**Raw data**.
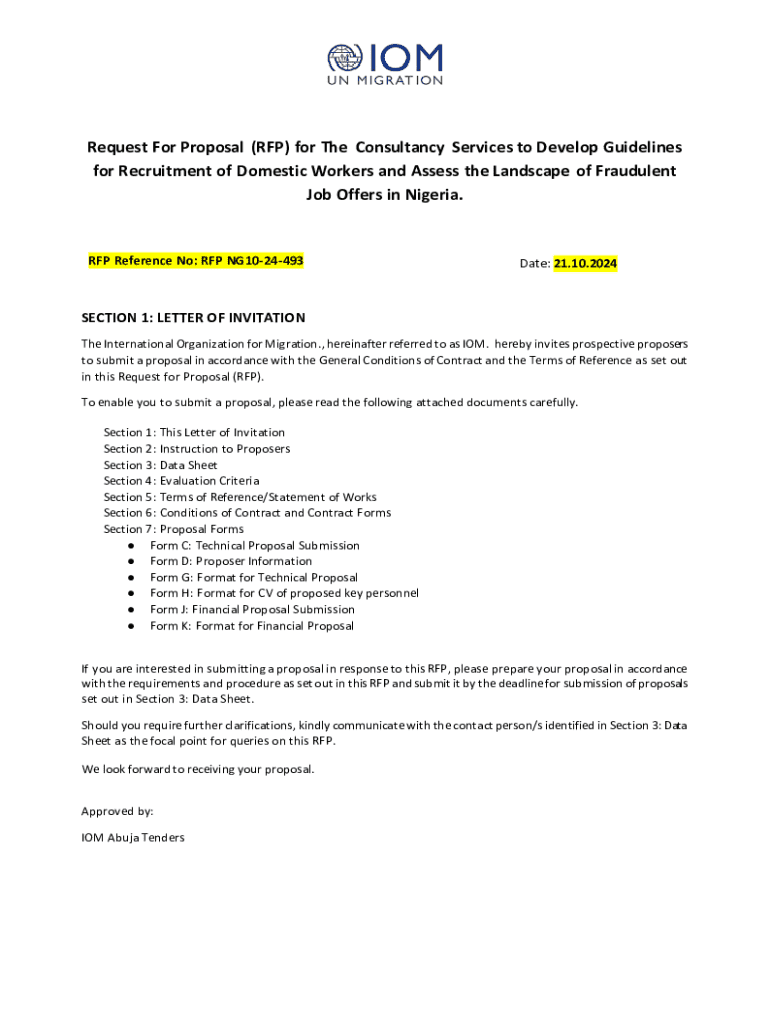 Request For Proposal (RFP) for The Consultancy Services to Develop Guidelines for Recruitment of Domestic Workers and Assess the Landscape of Fraudulent Job Offers in Nigeria.RFP Reference No: RFP
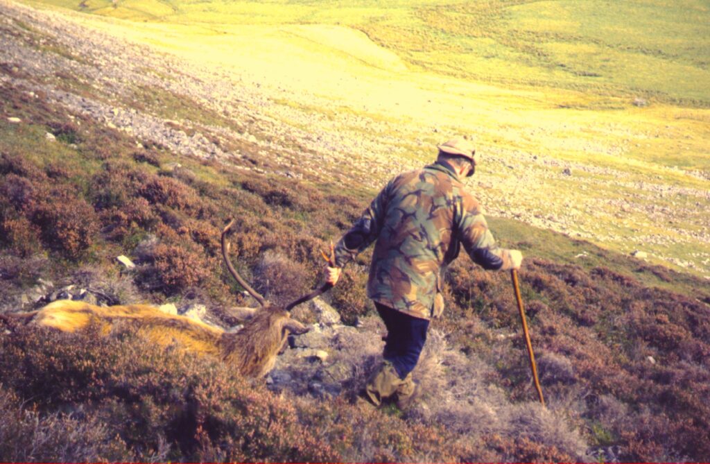 Begge steder, men navnlig omkring Braemar, stod der meget kronvildt med en stor andel af hjorte. Mange af dem er ældre, ofte på retur, og det var først og fremmest dem, godset ønskede afskudt. Af selvsamme årsag ser stalkerne derfor hjorte grundigt an, før der meldes ud til den ledsagende jæger eller jægere om, hvorvidt hjorte der fås for, er afskudsbare. Men det kan give frustration hos jægere, der ikke forstår, hvorfor de ikke får carte blanche til at nedlægge den største hjort i en rudel, men derimod bliver anvist at skyde en returhjort, som ofte kun har øjensprosserne i behold, og stængerne er relativt korte.
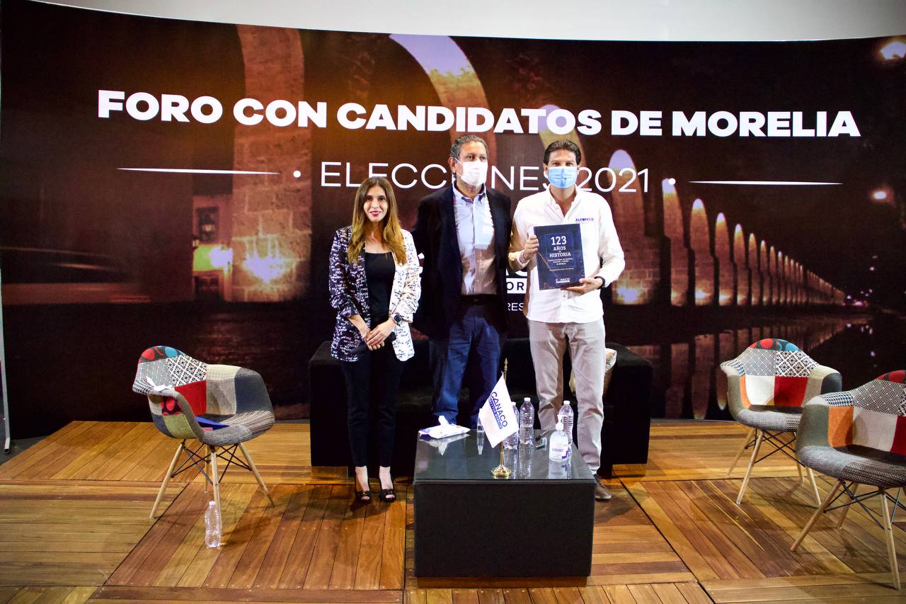 Morelia, Michoacán a 12 de mayo de 2021. .- El candidato a alcalde de Morelia, Alfonso Martínez Alcázar, presentó su plan de gobierno a empresarios de Canaco y sostuvo que la clave para el desarrollo de cualquier ciudad, es la seguridad, tema en el cual la actual administración ha quedado mucho a deber en virtud del incremento de la violencia y la consecuente caída en los índices turísticos, de inversión y empleo.

**Exercise**. Copy out the listing above in full and keep the pictures out.

**Answer to the problem**.
 Request For Proposal (RFP) for The Consultancy Services to Develop Guidelines for Recruitment of Domestic Workers and Assess the Landscape of Fraudulent Job Offers in Nigeria.RFP Reference No: RFP
 Begge steder, men navnlig omkring Braemar, stod der meget kronvildt med en stor andel af hjorte. Mange af dem er ældre, ofte på retur, og det var først og fremmest dem, godset ønskede afskudt. Af selvsamme årsag ser stalkerne derfor hjorte grundigt an, før der meldes ud til den ledsagende jæger eller jægere om, hvorvidt hjorte der fås for, er afskudsbare. Men det kan give frustration hos jægere, der ikke forstår, hvorfor de ikke får carte blanche til at nedlægge den største hjort i en rudel, men derimod bliver anvist at skyde en returhjort, som ofte kun har øjensprosserne i behold, og stængerne er relativt korte.
 Morelia, Michoacán a 12 de mayo de 2021. .- El candidato a alcalde de Morelia, Alfonso Martínez Alcázar, presentó su plan de gobierno a empresarios de Canaco y sostuvo que la clave para el desarrollo de cualquier ciudad, es la seguridad, tema en el cual la actual administración ha quedado mucho a deber en virtud del incremento de la violencia y la consecuente caída en los índices turísticos, de inversión y empleo.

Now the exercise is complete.